Imagine that you’re a patient, and you’ve just woken up from surgery to find that your doctor has amputated the wrong leg. As unlikely as it might seem, it’s happened before. In 1996, a Florida surgeon realized, with less than optimal timing, that he had failed to confirm the site of his procedure. He was supposed to amputate the patient’s right leg below the knee, but it was too late—he was already severing the left. The patient, understandably upset, sued, and received a $900,000 settlement.

But what if a judge stopped the patient’s lawsuit in its tracks? What if the judge ruled that the case was so unusual, so unprecedented, that the doctor could not have possibly known that he should confirm the site of amputation? After all, the details were a little murky—a blackboard announcing surgeries for that day also listed the wrong leg, and although the patient’s consent form had the correct limb, until this incident doctors were not required to check these forms. The doctor might well have been in the wrong, but nobody had ever been punished for this exact mistake before, so it wasn’t “clearly established.” Case dismissed—before it even starts.

I shudder to think what would happen to my profession, to the trust between patients and caregivers, if people couldn’t seek justice in our courts for clear cases of malpractice. Doctors are cautious by nature—we don’t want to hurt our patients—but immunity breeds impunity, and a patient’s right to sue is not only an innate part of their humanity, but also a safeguard against complacency and carelessness.

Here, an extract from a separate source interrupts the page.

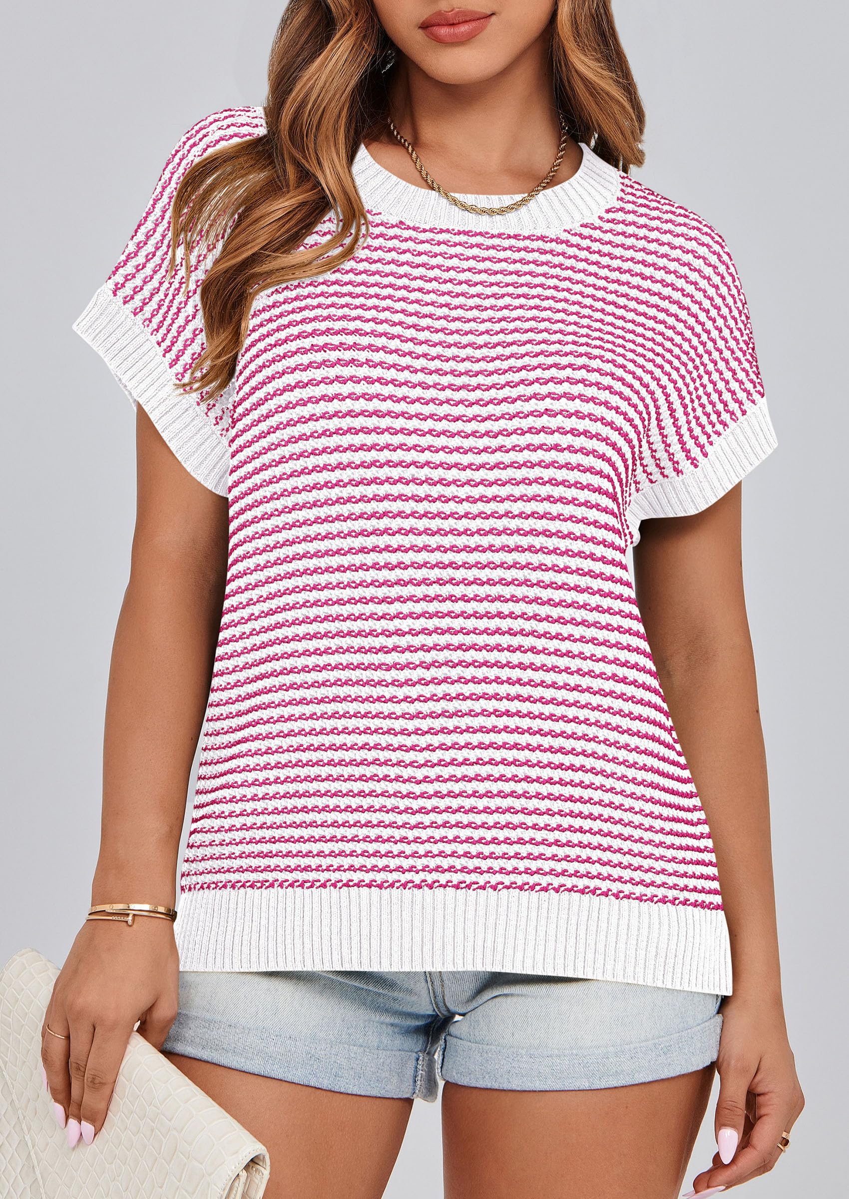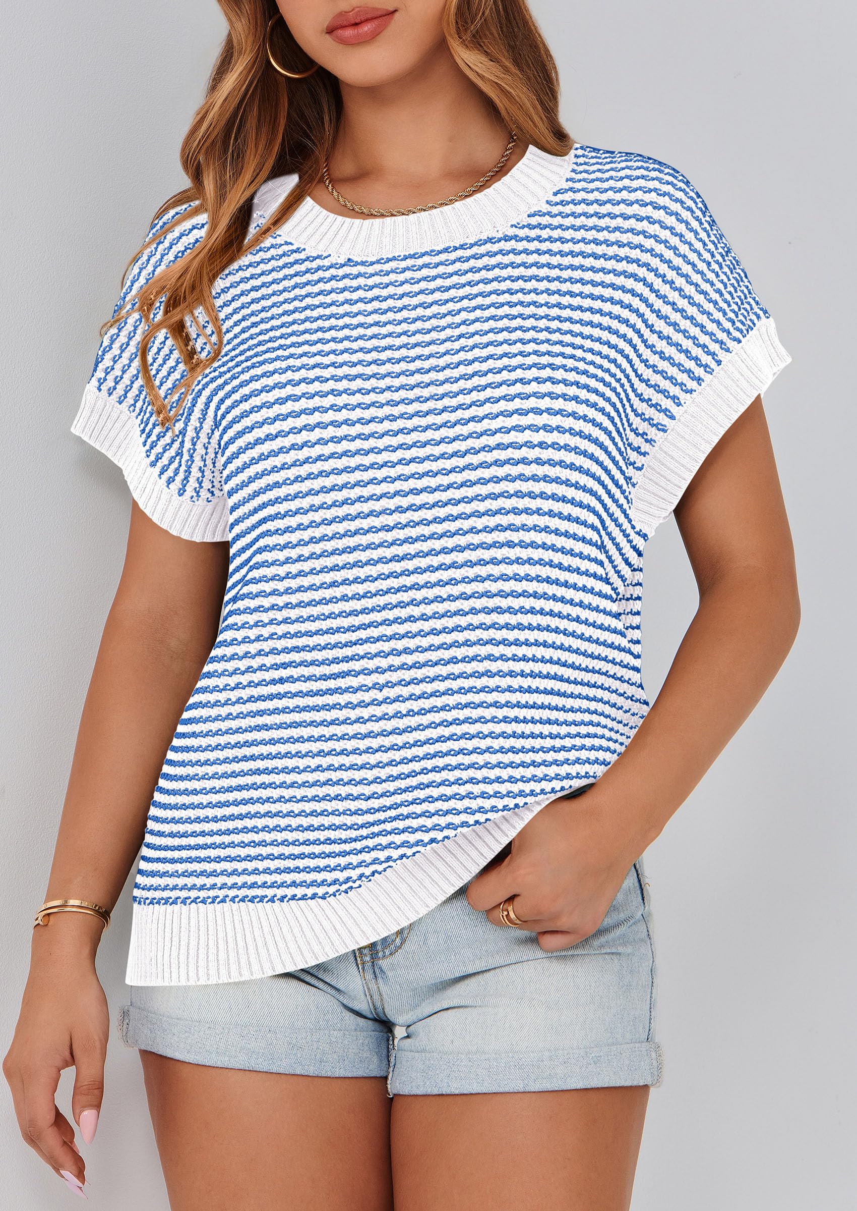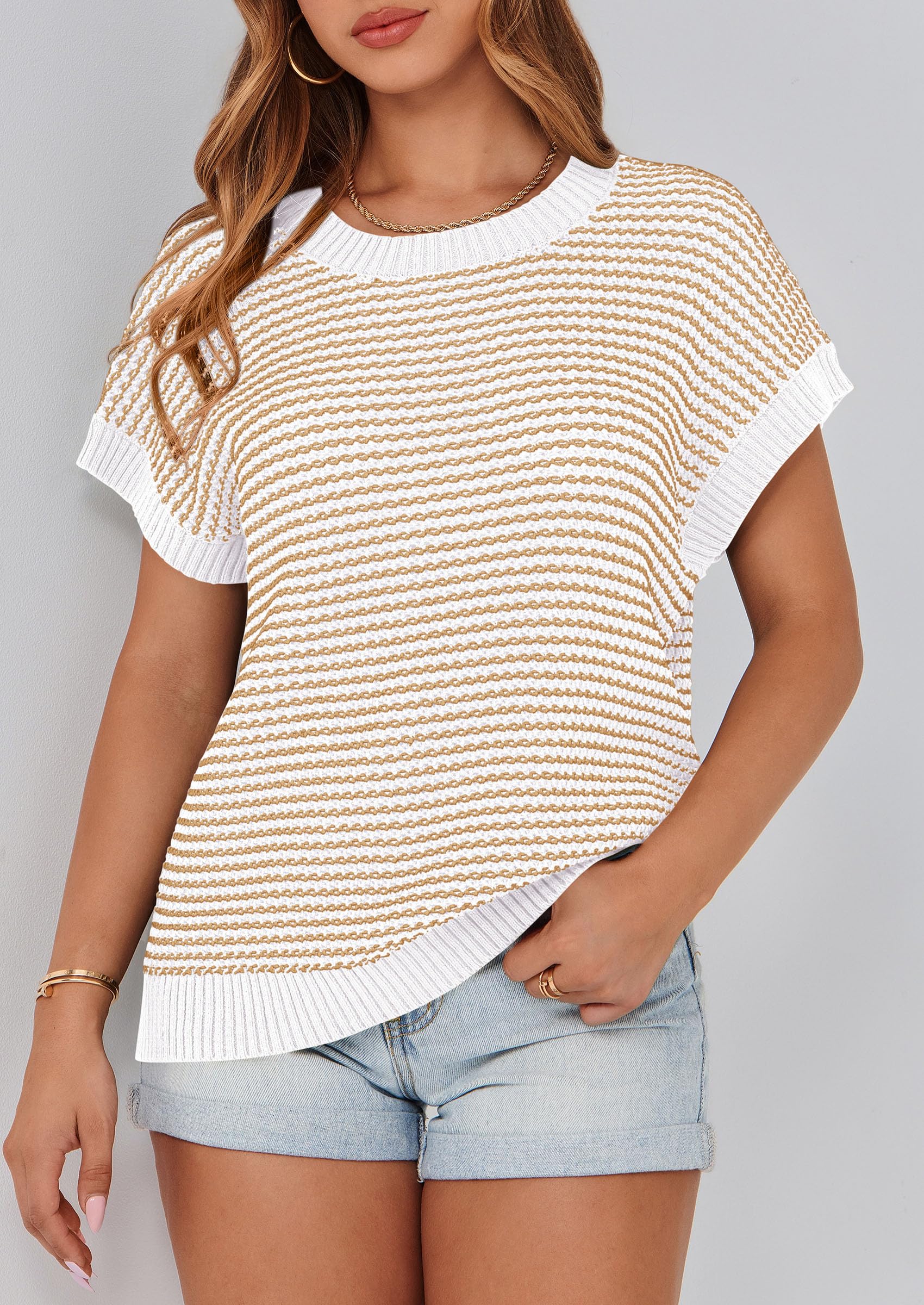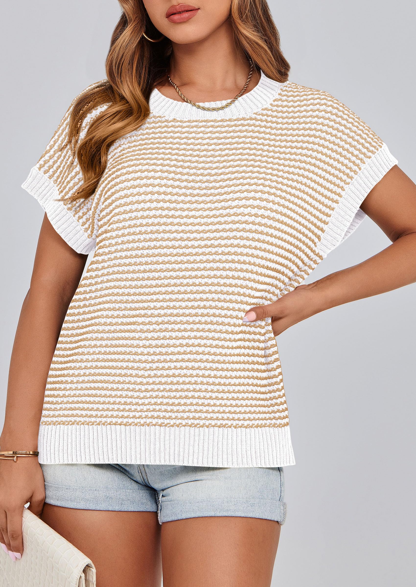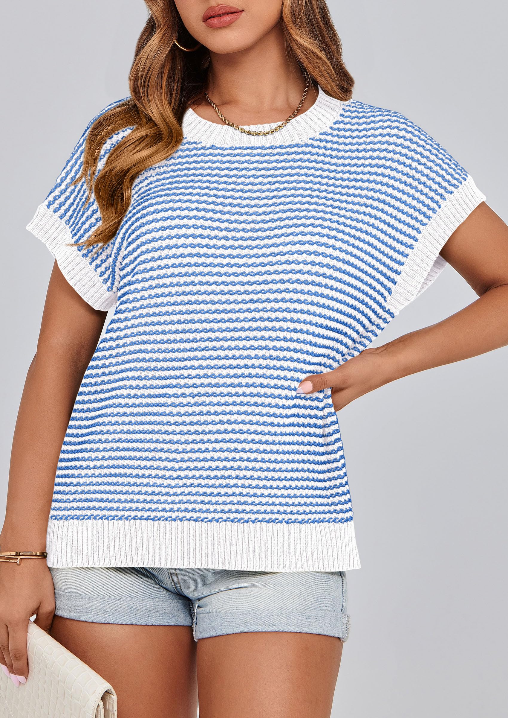 PRETTYGARDEN Womens Short Sleeve Sweater Spring Summer 2025 Round Neck Striped Pullover Cap Sleeve Knit Sweater Vest Tops

Impunity means that even at the height of nationwide scrutiny and outrage, police officers in Kenosha still felt entitled to shoot Jacob Blake, an unarmed black man, seven times in the back while his children watched, paralyzing him from the waist down. If those officers get qualified immunity, Blake will be left—like other victims who were denied justice—to pay for his own medical costs for the rest of his life.

Police unions often tout the professionalism of their members. As fellow professionals committed to community wellbeing, they must see that erecting barriers to accountability, allowing someone to escape the consequences of their actions, is unacceptable. Qualified immunity must go.

Jeanette Callahan

Jeanette Callahan is a pediatrician who works for Cambridge Health Alliance and the Justice Resource Institute’s DYS juvenile detention center in Middleton.